= Beginning of Section =

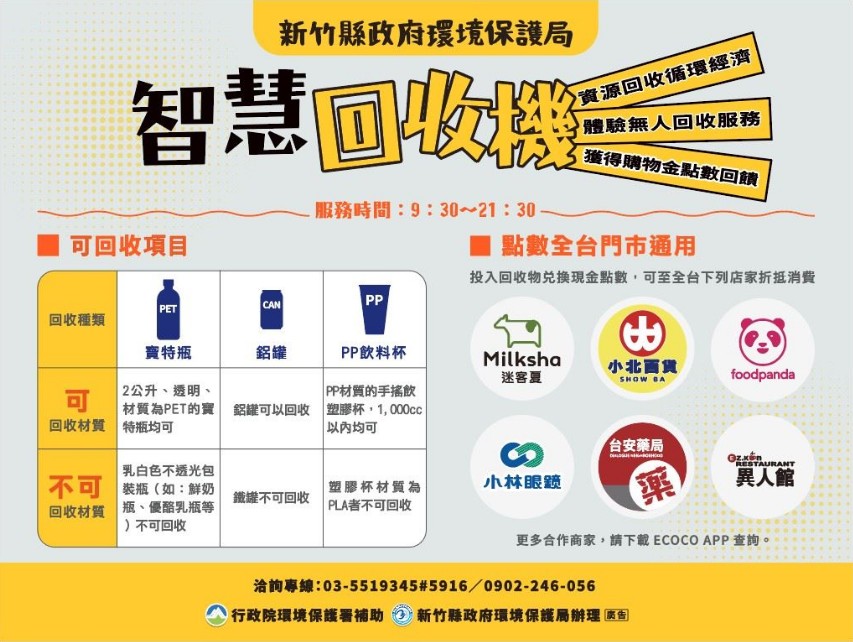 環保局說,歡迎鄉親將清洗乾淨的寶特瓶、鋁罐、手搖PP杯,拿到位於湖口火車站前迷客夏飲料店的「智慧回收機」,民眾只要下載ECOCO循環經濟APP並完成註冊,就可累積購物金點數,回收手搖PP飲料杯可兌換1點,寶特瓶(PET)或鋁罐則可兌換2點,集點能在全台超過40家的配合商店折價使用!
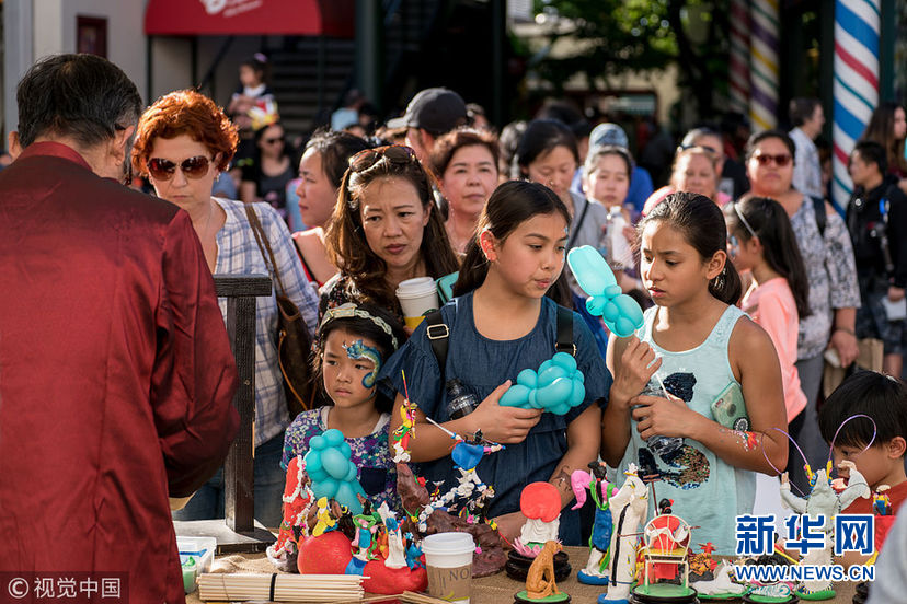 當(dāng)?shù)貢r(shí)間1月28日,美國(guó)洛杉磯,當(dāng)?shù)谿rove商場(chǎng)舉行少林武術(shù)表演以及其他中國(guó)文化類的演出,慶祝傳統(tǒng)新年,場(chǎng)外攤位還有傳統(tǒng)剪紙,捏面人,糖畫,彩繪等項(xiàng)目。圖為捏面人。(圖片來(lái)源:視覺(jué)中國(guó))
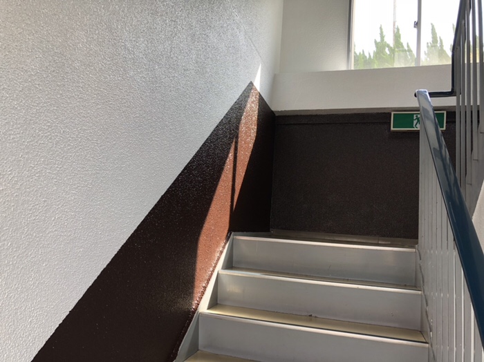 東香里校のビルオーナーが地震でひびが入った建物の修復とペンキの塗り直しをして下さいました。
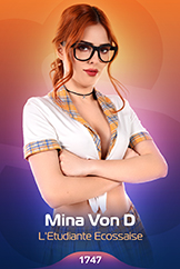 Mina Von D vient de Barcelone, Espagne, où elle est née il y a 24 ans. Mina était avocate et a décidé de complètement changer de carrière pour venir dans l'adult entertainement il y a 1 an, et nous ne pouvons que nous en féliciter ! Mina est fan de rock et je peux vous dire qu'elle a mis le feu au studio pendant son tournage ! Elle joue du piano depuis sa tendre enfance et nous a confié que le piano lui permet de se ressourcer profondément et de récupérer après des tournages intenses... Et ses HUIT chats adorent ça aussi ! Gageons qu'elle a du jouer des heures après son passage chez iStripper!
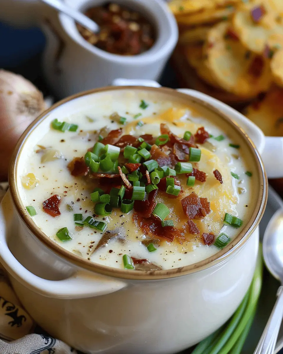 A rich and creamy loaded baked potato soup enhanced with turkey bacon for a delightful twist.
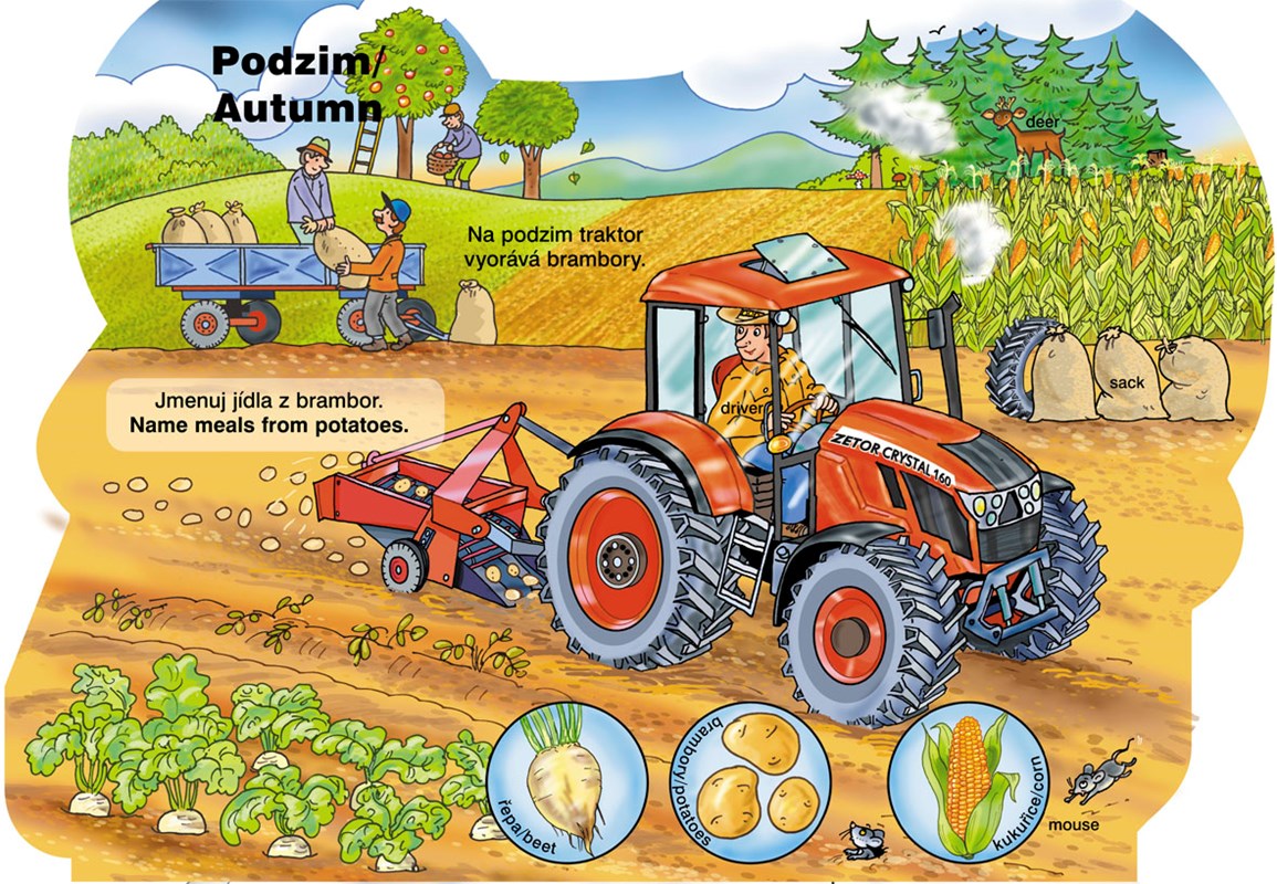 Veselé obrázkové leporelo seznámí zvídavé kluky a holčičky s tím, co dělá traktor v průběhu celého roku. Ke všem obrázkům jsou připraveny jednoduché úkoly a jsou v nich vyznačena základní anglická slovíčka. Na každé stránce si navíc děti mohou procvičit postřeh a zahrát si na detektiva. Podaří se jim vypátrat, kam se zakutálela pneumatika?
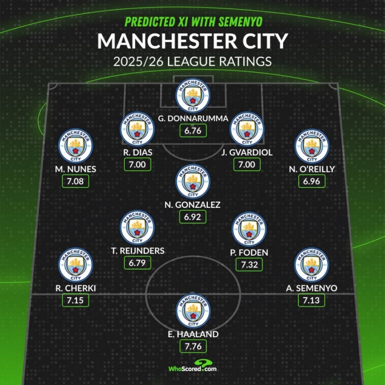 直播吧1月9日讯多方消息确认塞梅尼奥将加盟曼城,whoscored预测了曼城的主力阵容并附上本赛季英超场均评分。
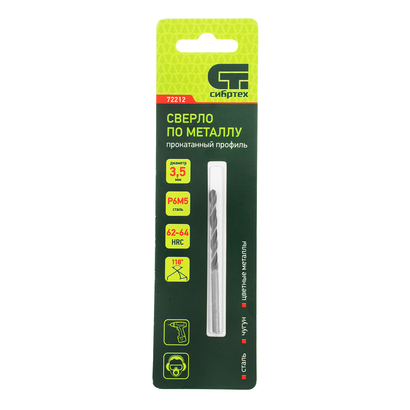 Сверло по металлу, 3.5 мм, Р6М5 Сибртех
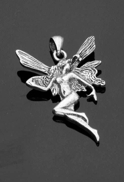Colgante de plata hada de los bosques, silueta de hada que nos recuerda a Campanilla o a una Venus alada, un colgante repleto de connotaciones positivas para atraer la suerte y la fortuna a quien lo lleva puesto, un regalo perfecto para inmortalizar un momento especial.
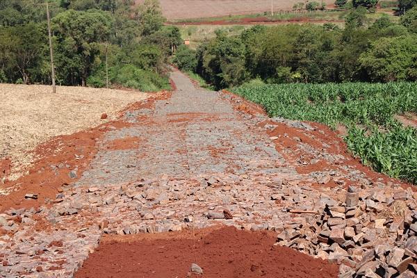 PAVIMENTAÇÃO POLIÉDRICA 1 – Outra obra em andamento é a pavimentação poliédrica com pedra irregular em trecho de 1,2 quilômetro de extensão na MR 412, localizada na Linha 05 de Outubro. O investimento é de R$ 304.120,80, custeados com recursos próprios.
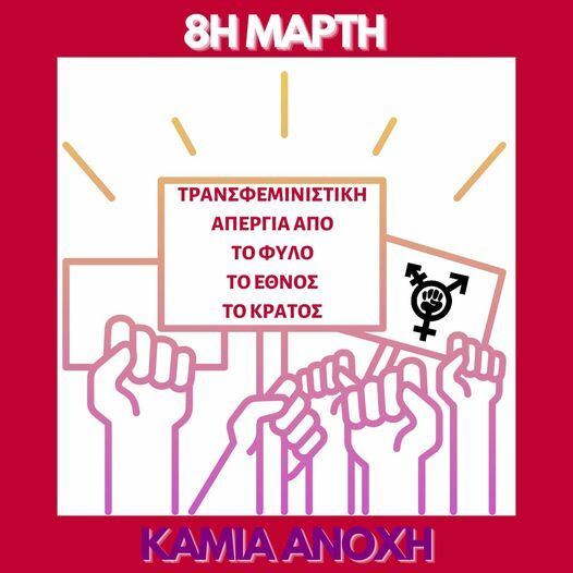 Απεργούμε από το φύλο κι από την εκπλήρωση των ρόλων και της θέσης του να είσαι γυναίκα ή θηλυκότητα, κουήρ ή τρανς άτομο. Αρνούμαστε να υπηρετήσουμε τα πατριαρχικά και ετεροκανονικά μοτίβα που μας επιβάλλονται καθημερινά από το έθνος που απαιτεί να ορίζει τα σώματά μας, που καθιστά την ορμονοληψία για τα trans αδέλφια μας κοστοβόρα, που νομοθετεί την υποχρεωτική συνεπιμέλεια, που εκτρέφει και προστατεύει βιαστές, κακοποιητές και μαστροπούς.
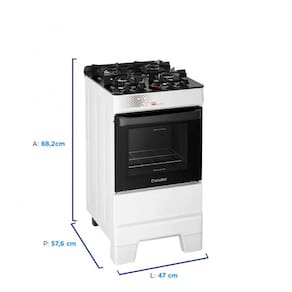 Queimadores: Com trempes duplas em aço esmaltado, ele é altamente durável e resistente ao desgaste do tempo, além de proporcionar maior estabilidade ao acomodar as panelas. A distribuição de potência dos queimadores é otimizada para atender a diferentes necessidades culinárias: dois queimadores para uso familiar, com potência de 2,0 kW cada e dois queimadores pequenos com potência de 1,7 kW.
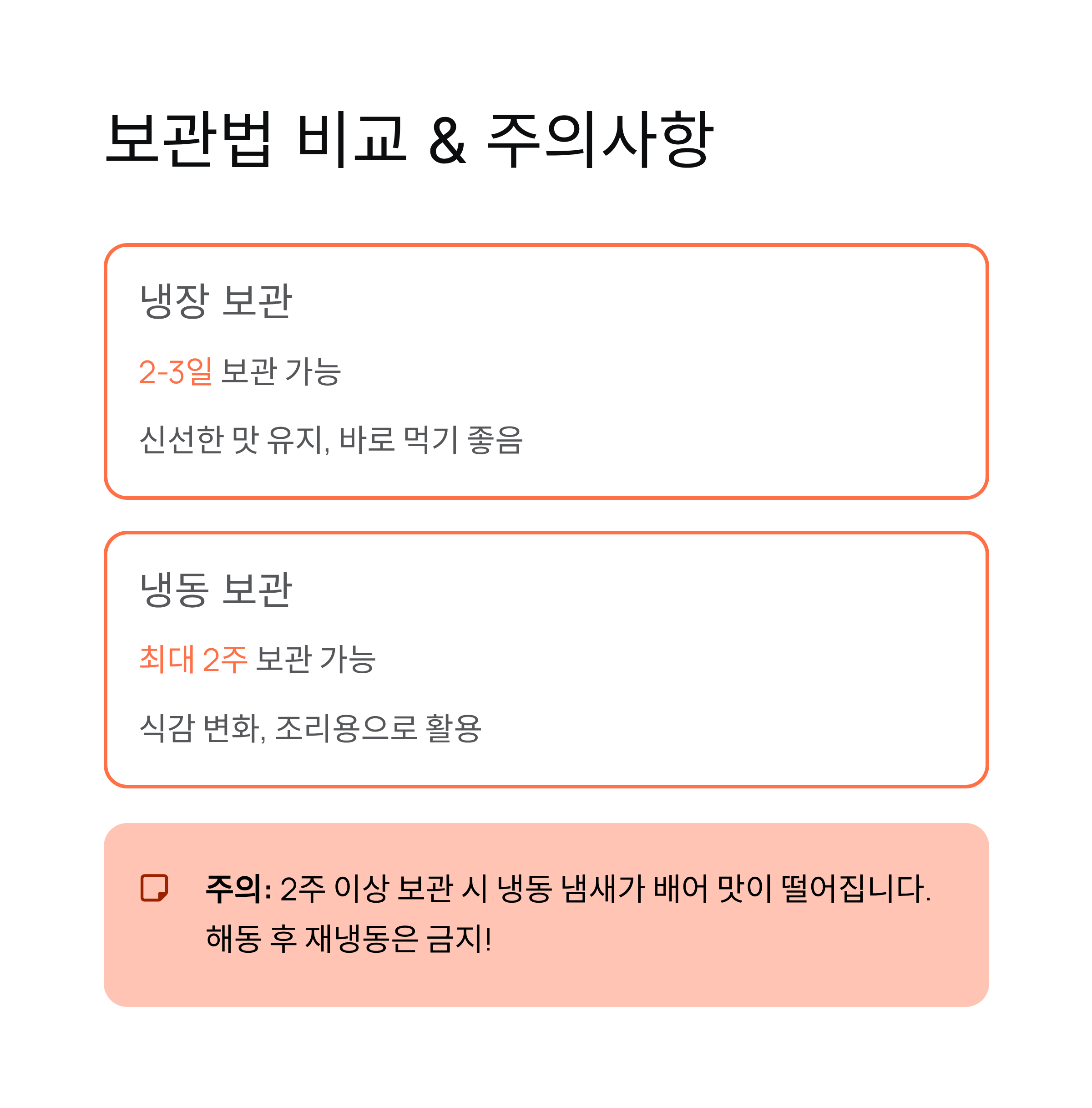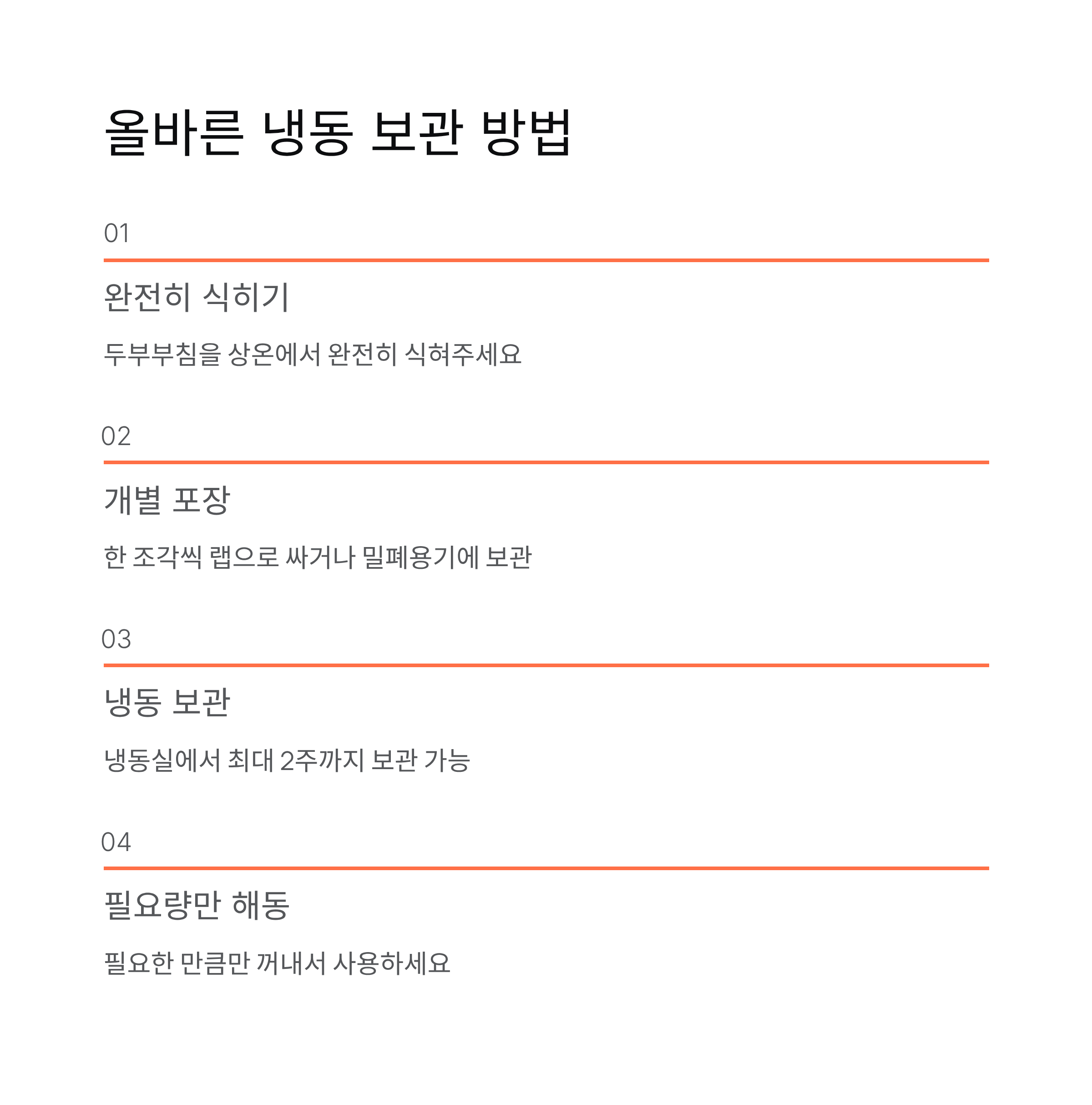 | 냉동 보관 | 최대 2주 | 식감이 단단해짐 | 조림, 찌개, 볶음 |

= End of Section =

TASK DIRECTIONS >> Working from the records above, set down word for word everything from the line containing "當(dāng)?shù)貢r" down to the line containing "東香里校のビルオーナーが地震", ends included, minus the pictures.

ANSWER FOR THIS EXERCISE >>
 當(dāng)?shù)貢r(shí)間1月28日,美國(guó)洛杉磯,當(dāng)?shù)谿rove商場(chǎng)舉行少林武術(shù)表演以及其他中國(guó)文化類的演出,慶祝傳統(tǒng)新年,場(chǎng)外攤位還有傳統(tǒng)剪紙,捏面人,糖畫,彩繪等項(xiàng)目。圖為捏面人。(圖片來(lái)源:視覺(jué)中國(guó))
 東香里校のビルオーナーが地震でひびが入った建物の修復とペンキの塗り直しをして下さいました。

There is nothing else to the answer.